If you think about it, it was just a matter of time before the first telescope was invented. People have been fascinated by crystals for millenia. Many crystals – quartz for instance – are completely transparent. Others – rubies – absorb some frequencies of light and pass others. Shaping crystals into spheres can be done by cleaving, tumbling, and polishing – this removes sharp edges and rounds the surface. Dissecting a crystal begins with finding a flaw. Creating a half-sphere – or crystal segment – creates two different surfaces. Light is gathered by the convex frontface and projected toward a point of convergence by the planar backface. Because crystal segments have severe curves, the point of focus may be very close to the crystal itself. Due to short focal lengths, crystal segments make better microscopes than telescopes.
It wasn’t the crystal segment – but the lens of glass – that made modern telescopes possible. Convex lenses came out of glass ground in a way to correct far-sighted vision. Although both spectacles and crystal segments are convex, far-sighted lenses have less severe curves. Rays of light are only slightly bent from the parallel. Because of this, the point where the image takes form is much farther away from the lens. This creates image scale large enough for detailed human inspection.
The first use of lenses to augment sight can be traced back to the Middle East of the 11th century. An Arabian text (Opticae Thesaurus written by scientist-mathematician Al-hazen) notes that segments of crystal balls could be used to magnify small objects. In the late 13th century, an English monk (possibly referencing Roger Bacon’s Perspectiva of 1267) is said to have created the first practical near-focus spectacles to aid in reading the Bible. It wasn’t until 1440 when Nicholas of Cusa ground the first lens to correct near-sightedness -1. And it would be another four centuries before defects in lens shape itself (astigmatism) would be aided by a set of spectacles. (This was accomplished by the British astronomer George Airy in 1827 some 220 years after another – more famous astronomer – Johann Kepler first accurately described the effect of lenses on light.)
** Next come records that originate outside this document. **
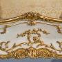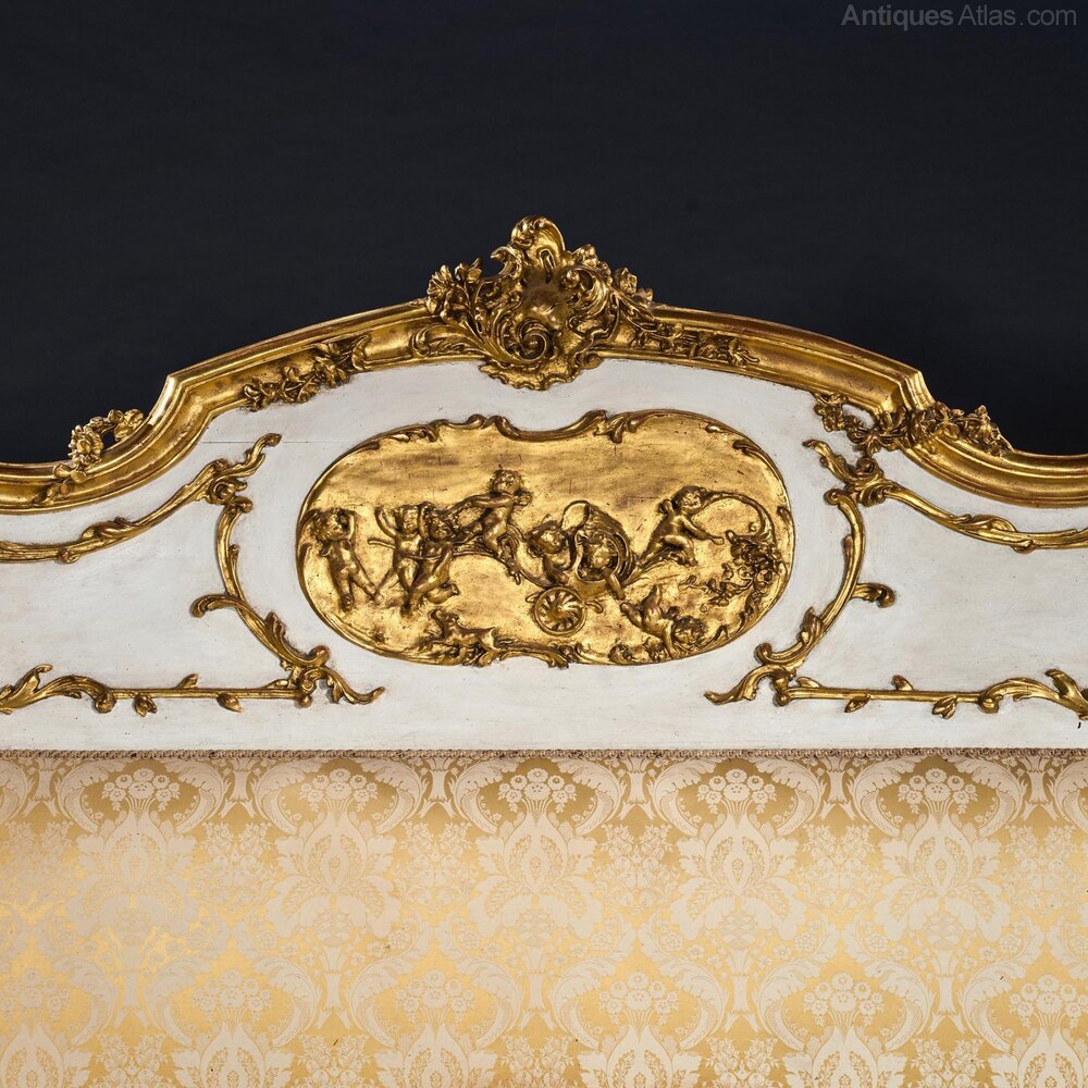 This superb quality king size bed is decorated throughout in a white and gilt scheme, the headboard having been upholstered in complementary gold coloured damask. Made around the turn of the 20th century, this piece is very much in the Louis XV style and is likely to have been made in Paris by one of the leading makers of the period. The asymmetrical scroll work is beautifully executed and well balanced and would have been intended to complement the boiserie of a bedroom of the time. It is interesting to think about this piece in the context of such landmark developments as the opening of the Ritz hotel in London in 1906, decorated largely in a similar French rococo revival style.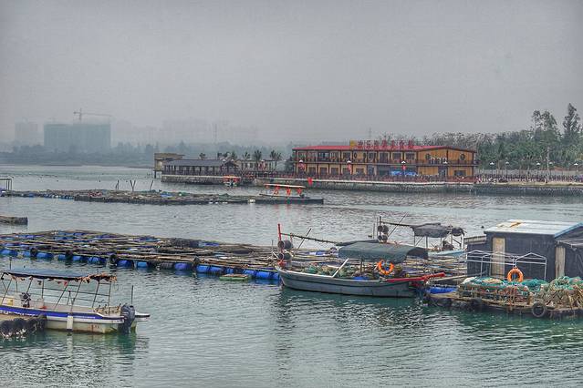 在永庆寺外的东水港,停泊着一些疍家渔排。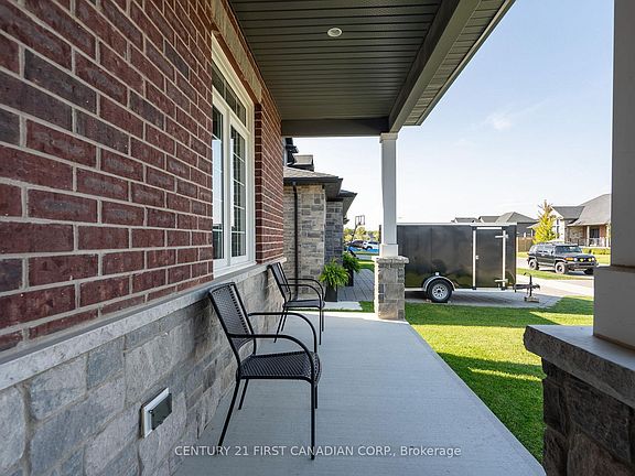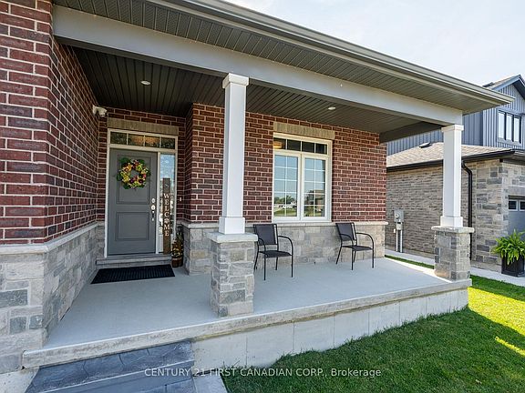 Welcome to 125 Spencer Ave, located in the sought-after Olde Clover community in Lucan, this beautifully maintained bungalow offers the perfect balance of modern comfort and small-town charm. With 3 bedrooms and 2 bathrooms, this home is thoughtfully designed to suit a variety of lifestyles. Situated on a premium 59' x 139' lot, the property features a spacious backyard an ideal canvas for your dream outdoor oasis and even large enough to accommodate a pool. From the moment you arrive, you'll notice the welcoming covered front porch, covered back deck perfect for relaxing or entertaining, and the oversized double-car garage providing plenty of room for vehicles and storage. Step inside to an open, airy layout filled with natural light and stylish finishes throughout. The great room offers a corner gas fireplace and connects effortlessly to the bright dining area, complete with a large sliding door leading out to the backyard.. The designer kitchen stands out with its ceiling-height cabinetry, quartz countertops, large island, full pantry, and stainless steel appliances offering both function and sophistication. The primary bedroom is a relaxing retreat, complete with a generous walk-in closet and a luxurious 4-piece ensuite with a glass shower. Two additional bedrooms and a full bathroom provide comfortable accommodations for family or guests. The basement is partially finished, offering endless potential to customize as a home gym, media room, or extra living space, with 3 piece bathroom rough in and and two cold cellars, perfect for storage and seasonal needs. Located in a vibrant, family-friendly neighborhood just 15 minutes north of London, this move-in-ready home checks all the boxes for comfort and style. Plus, you'll love being steps from green spaces featuring basketball, tennis, and pickleball courts, perfect for enjoying an active, outdoor lifestyle.

The earliest telescopes took form just after spectacle grinding became well-established as a means to correct both myopia and presbyopia. Because far-sighted lenses are convex, they make good “collectors” of light. A convex lens takes parallel beams from the distance and bends them to a common point of focus. This creates a virtual image in space – one that can be inspected more closely using a second lens. The virtue of a collecting lens is twofold: It combines light together (increasing its intensity) – and amplifies image scale – both to a degree potentially far greater than the eye alone is capable of.
Concave lenses (used to correct near-sightedness) splay light outward and make things appear smaller to the eye. A concave lens can increase the focal length of the eye whenever the eye’s own system (fixed cornea and morphing lens) falls short of focusing an image on the retina. Concave lenses make good eyepieces because they enable the eye to more closely inspect the virtual image cast by a convex lens. This is possible because convergent rays from a collecting lens are refracted toward the parallel by a concave lens. The effect is to show a nearby virtual image as though at a great distance. A single concave lens allows the eye lens to relax as if focused on infinity.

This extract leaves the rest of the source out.